Reproduce the whole listing exactly, omitting any picture it holds.

*-*-*

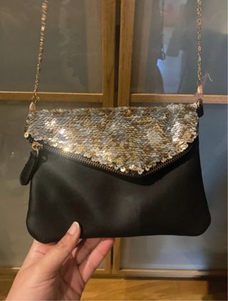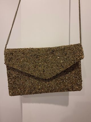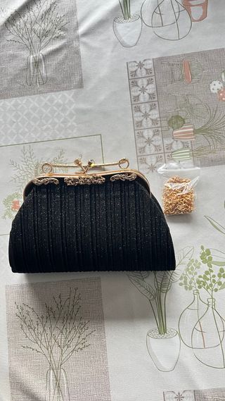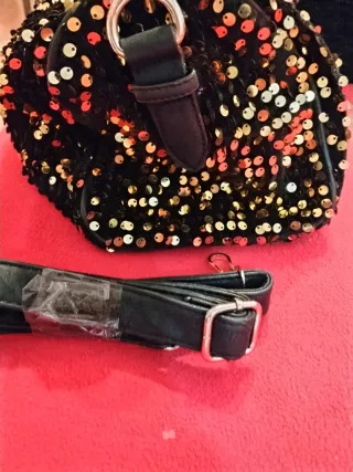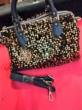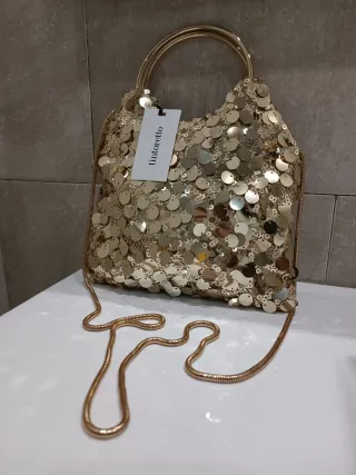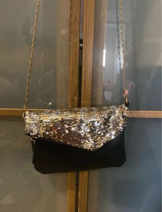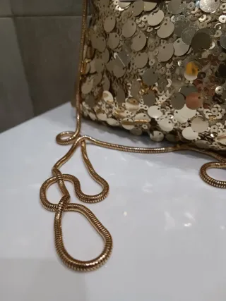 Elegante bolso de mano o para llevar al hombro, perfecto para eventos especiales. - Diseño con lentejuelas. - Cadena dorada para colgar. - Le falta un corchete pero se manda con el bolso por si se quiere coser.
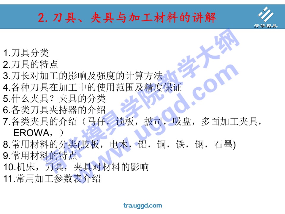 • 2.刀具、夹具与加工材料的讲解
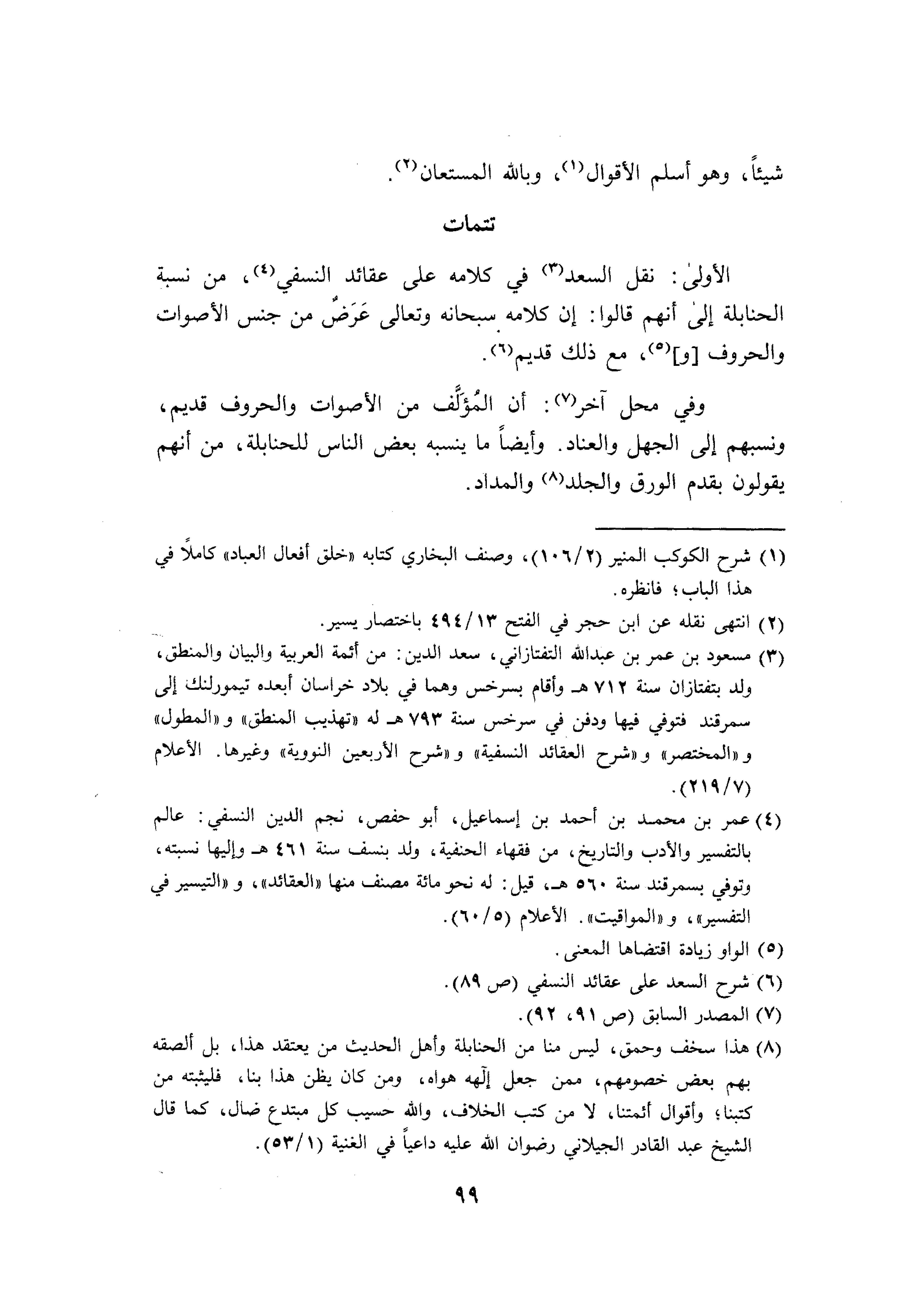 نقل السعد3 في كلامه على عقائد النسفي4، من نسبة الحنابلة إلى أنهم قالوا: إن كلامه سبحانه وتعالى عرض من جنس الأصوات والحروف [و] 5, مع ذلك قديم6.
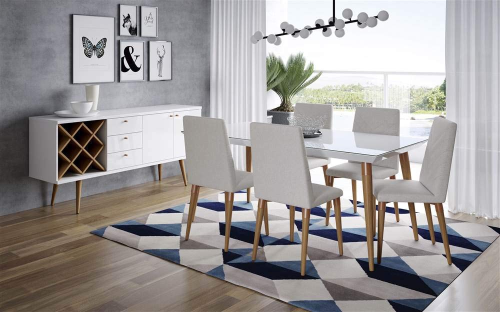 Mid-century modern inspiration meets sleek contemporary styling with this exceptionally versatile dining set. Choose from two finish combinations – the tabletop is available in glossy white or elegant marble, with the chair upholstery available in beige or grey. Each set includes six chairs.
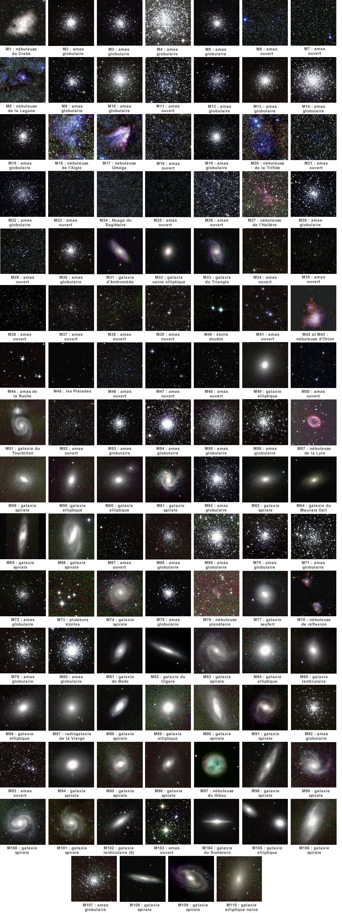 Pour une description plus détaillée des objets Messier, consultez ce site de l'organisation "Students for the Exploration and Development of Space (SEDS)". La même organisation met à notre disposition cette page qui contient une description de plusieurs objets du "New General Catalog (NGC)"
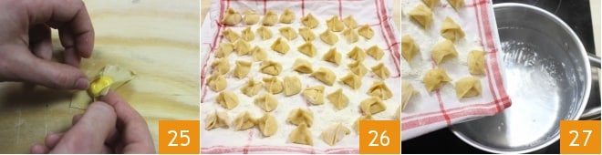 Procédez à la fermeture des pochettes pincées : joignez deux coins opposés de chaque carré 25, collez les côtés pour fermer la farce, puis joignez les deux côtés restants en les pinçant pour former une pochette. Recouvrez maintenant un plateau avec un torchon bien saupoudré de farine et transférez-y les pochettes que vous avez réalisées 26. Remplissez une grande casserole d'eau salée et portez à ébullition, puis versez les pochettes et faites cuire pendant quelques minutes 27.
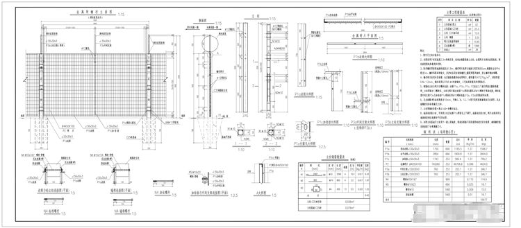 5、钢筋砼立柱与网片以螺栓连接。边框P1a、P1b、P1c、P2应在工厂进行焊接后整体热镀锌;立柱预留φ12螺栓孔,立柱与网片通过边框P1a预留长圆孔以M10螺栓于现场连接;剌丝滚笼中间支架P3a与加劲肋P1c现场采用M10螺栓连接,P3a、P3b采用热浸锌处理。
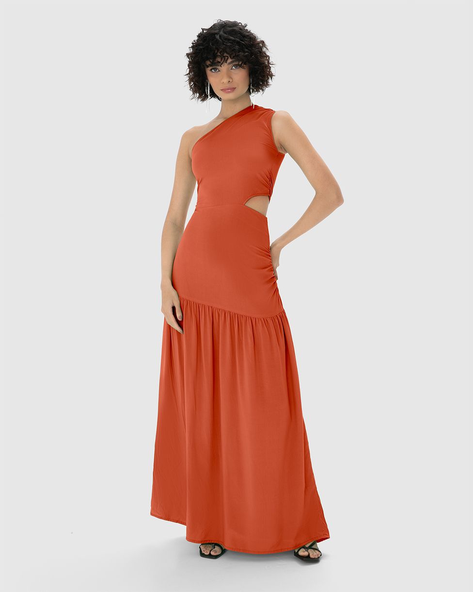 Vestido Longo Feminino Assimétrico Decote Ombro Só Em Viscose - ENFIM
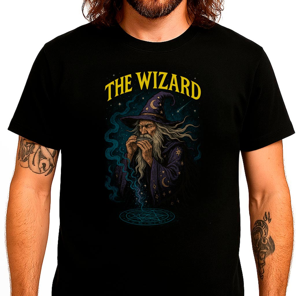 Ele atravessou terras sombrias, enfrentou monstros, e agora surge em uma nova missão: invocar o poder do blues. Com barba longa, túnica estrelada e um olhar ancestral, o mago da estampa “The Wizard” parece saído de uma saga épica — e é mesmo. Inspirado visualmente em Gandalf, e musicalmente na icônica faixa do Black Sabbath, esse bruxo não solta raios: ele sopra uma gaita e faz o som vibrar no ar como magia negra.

*-*-*

Solution to the problem:
 Elegante bolso de mano o para llevar al hombro, perfecto para eventos especiales. - Diseño con lentejuelas. - Cadena dorada para colgar. - Le falta un corchete pero se manda con el bolso por si se quiere coser.
 • 2.刀具、夹具与加工材料的讲解
 نقل السعد3 في كلامه على عقائد النسفي4، من نسبة الحنابلة إلى أنهم قالوا: إن كلامه سبحانه وتعالى عرض من جنس الأصوات والحروف [و] 5, مع ذلك قديم6.
 Mid-century modern inspiration meets sleek contemporary styling with this exceptionally versatile dining set. Choose from two finish combinations – the tabletop is available in glossy white or elegant marble, with the chair upholstery available in beige or grey. Each set includes six chairs.
 Pour une description plus détaillée des objets Messier, consultez ce site de l'organisation "Students for the Exploration and Development of Space (SEDS)". La même organisation met à notre disposition cette page qui contient une description de plusieurs objets du "New General Catalog (NGC)"
 Procédez à la fermeture des pochettes pincées : joignez deux coins opposés de chaque carré 25, collez les côtés pour fermer la farce, puis joignez les deux côtés restants en les pinçant pour former une pochette. Recouvrez maintenant un plateau avec un torchon bien saupoudré de farine et transférez-y les pochettes que vous avez réalisées 26. Remplissez une grande casserole d'eau salée et portez à ébullition, puis versez les pochettes et faites cuire pendant quelques minutes 27.
 5、钢筋砼立柱与网片以螺栓连接。边框P1a、P1b、P1c、P2应在工厂进行焊接后整体热镀锌;立柱预留φ12螺栓孔,立柱与网片通过边框P1a预留长圆孔以M10螺栓于现场连接;剌丝滚笼中间支架P3a与加劲肋P1c现场采用M10螺栓连接,P3a、P3b采用热浸锌处理。
 Vestido Longo Feminino Assimétrico Decote Ombro Só Em Viscose - ENFIM
 Ele atravessou terras sombrias, enfrentou monstros, e agora surge em uma nova missão: invocar o poder do blues. Com barba longa, túnica estrelada e um olhar ancestral, o mago da estampa “The Wizard” parece saído de uma saga épica — e é mesmo. Inspirado visualmente em Gandalf, e musicalmente na icônica faixa do Black Sabbath, esse bruxo não solta raios: ele sopra uma gaita e faz o som vibrar no ar como magia negra.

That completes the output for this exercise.